For this exercise, copy all the data exactly and include none of the pictures.

**Exercise data**
-- Opening Marker --
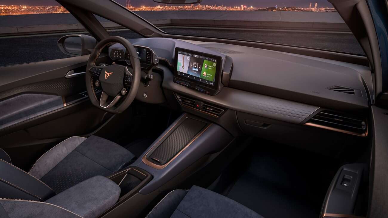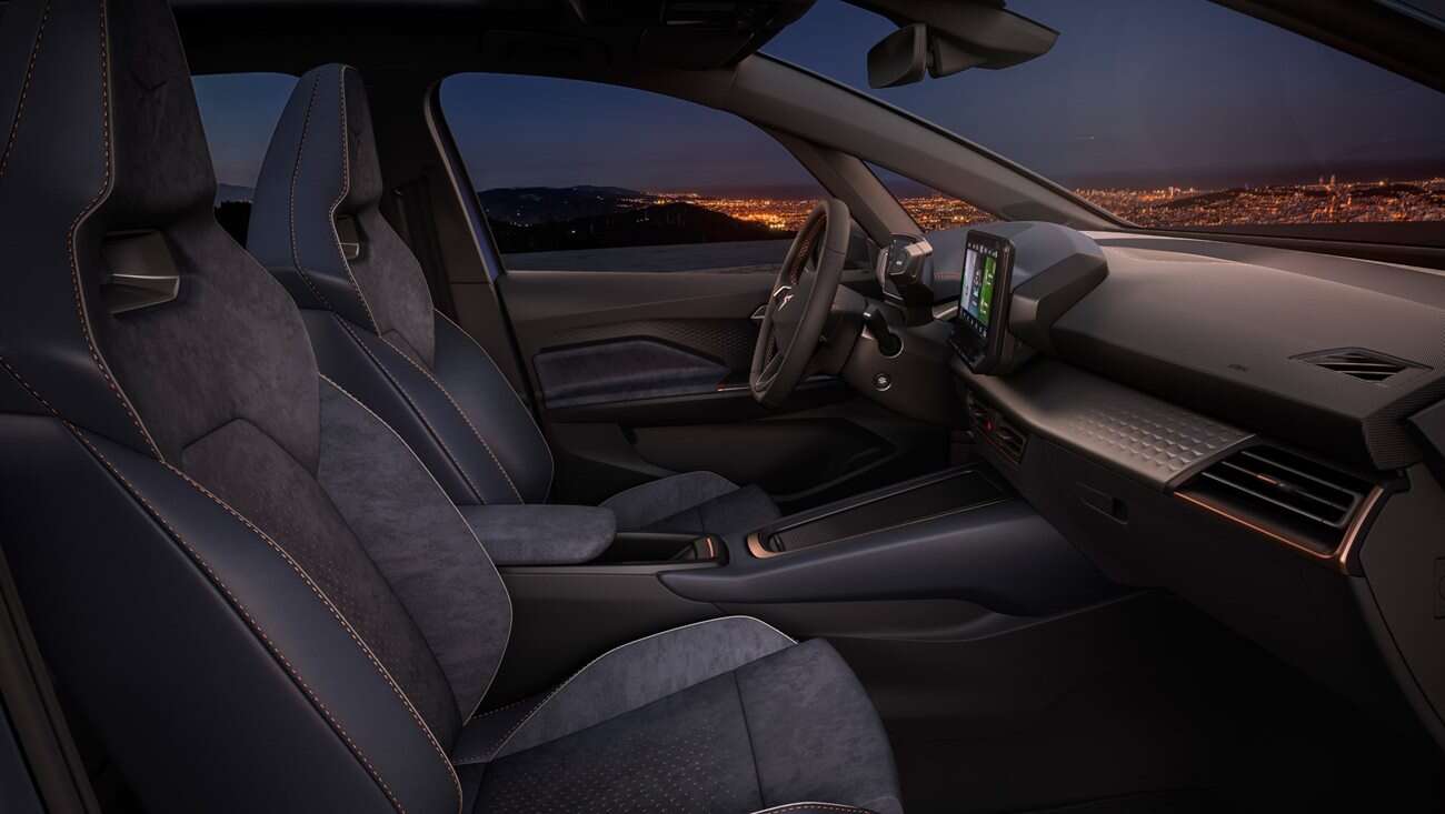 Cupra el-Born zapewnia szereg udogodnień wewnątrz, bo w grę wchodzi 10-calowy ekran infotainment, wyświetlacz head-up, a nawet zintegrowany system pompy ciepła, którego pochodną chwali się Tesla w Modelu Y. Kupujący otrzymają także parę foteli kubełkowych i nową sportową kierownicę. Cena pozostaje nieznana.
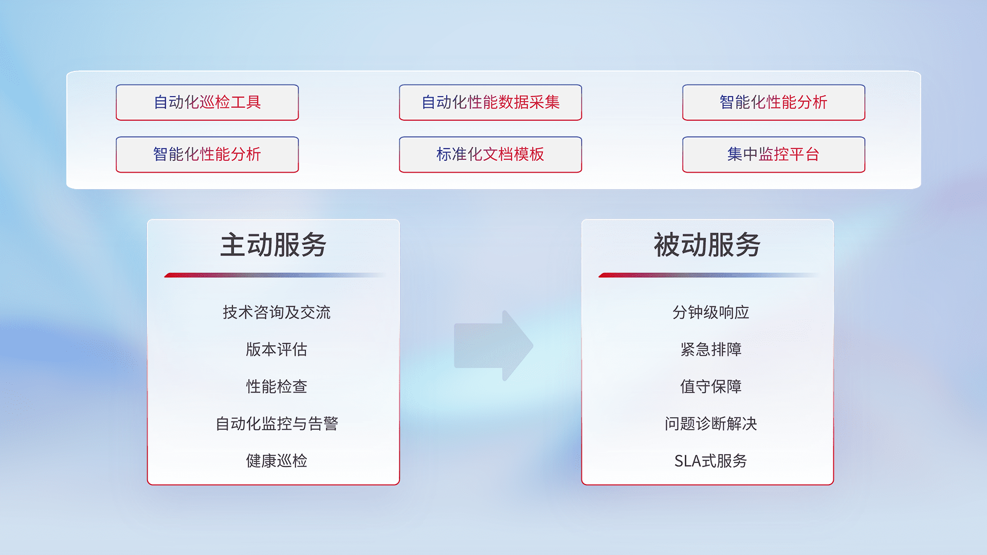 智能化工具和标准化文档,,保障服务质量,,提供主动服务(包含技术咨询、、版本评估、、性能检查、、自动化监控与告警、、、健康巡检)和被动服务包含(分钟级响应、、紧急排障、、、、值守保障、、问题诊断解决、、、SLA服务)。。。。
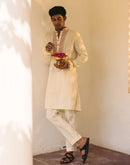 COTTON WITH GOLD LUREX KURTA EXAGGERATED WITH ROSE HAND EMBROIDERED
-- Closing Marker --
**Reply**
 Cupra el-Born zapewnia szereg udogodnień wewnątrz, bo w grę wchodzi 10-calowy ekran infotainment, wyświetlacz head-up, a nawet zintegrowany system pompy ciepła, którego pochodną chwali się Tesla w Modelu Y. Kupujący otrzymają także parę foteli kubełkowych i nową sportową kierownicę. Cena pozostaje nieznana.
 智能化工具和标准化文档,,保障服务质量,,提供主动服务(包含技术咨询、、版本评估、、性能检查、、自动化监控与告警、、、健康巡检)和被动服务包含(分钟级响应、、紧急排障、、、、值守保障、、问题诊断解决、、、SLA服务)。。。。
 COTTON WITH GOLD LUREX KURTA EXAGGERATED WITH ROSE HAND EMBROIDERED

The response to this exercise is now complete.